Richard Mille the brand created a whole new price category and, within just 20 years of its founding, has become one of the core horological references, along with Patek Philippe, Rolex and Audemars Piguet. What is nice to see is the generational shift in leadership happening at Richard Mille, with Alex humbly and understatedly bringing his own intense sharpness and impressive charisma to the fore. Along with his sister Amanda Mille, who is the brand and partnerships director, as well as Timothée Malachard, the longtime marketing director who acts as a bridge between generations and a sort of “Hand” in Game of Thrones terms, the top management at Richard Mille is a united, dynamic, dedicated and very cool group of people who, despite their colossal success, have never lost sight of the wonderfully human dimension of their brand.

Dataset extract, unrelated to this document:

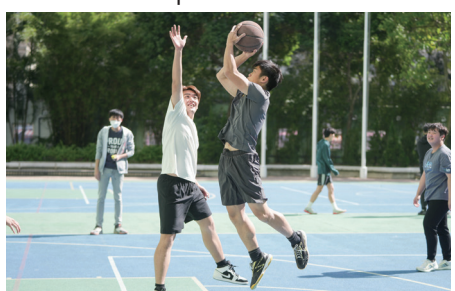
Alumni playing their all-time favourite sports: basketball

Audrey Raffy, General Counsel and Vice President, Bovet
The inspiration for several watches created by her loving perfectionist father, Pascal Raffy, it is wonderful to see Audrey Raffy come into her own. Stepping naturally into her role as Bovet’s general counsel and vice president (Audrey is a graduate of the Northwestern Pritzker School of Law), she plays the instrumental role of connecting the values of her maison with an all-new generation of watch customers. Through her tireless efforts and transglobal travels, all documented on her Instagram page @audreyraffy, she is able to transmit Bovet’s signature crafts, from fleurisanne relief engraving to miniature painting and much more, so much so that an international audience is naturally enchanted by her.
Karl-Fritz Scheufele, Business Development, Chopard and Chez Bacchus
Judging by Karl-Fritz Scheufele’s first act in the Swiss watchmaking industry, his future is bright indeed. Inspired by the St. Moritz integrated bracelet steel sports watch created by his father, the legendary Karl-Friedrich Scheufele, when he was a young man in his mere 20s, Karl-Fritz, together with his grandfather Karl Scheufele and his aunt, Chopard co-president Caroline Scheufele, decided to create an all-new version of the watch for a new generation of watch customers. And just as his father had experienced success at the launch of the original watch, Karl-Fritz became responsible for one of his family’s greatest hits with the Alpine Eagle. Since then, Karl-Fritz has been working with his father on different versions of the Alpine Eagle to demonstrate the incredible variety that the model is capable of, including this year’s ultra thin Flying Tourbillon. At the same time, he oversees Chez Bacchus, a phenomenal wine-themed restaurant which connects to the family’s Le Caveau de Bacchus wine enterprise, demonstrating that, like his father, he is a man capable of donning multiple hats with equal aplomb.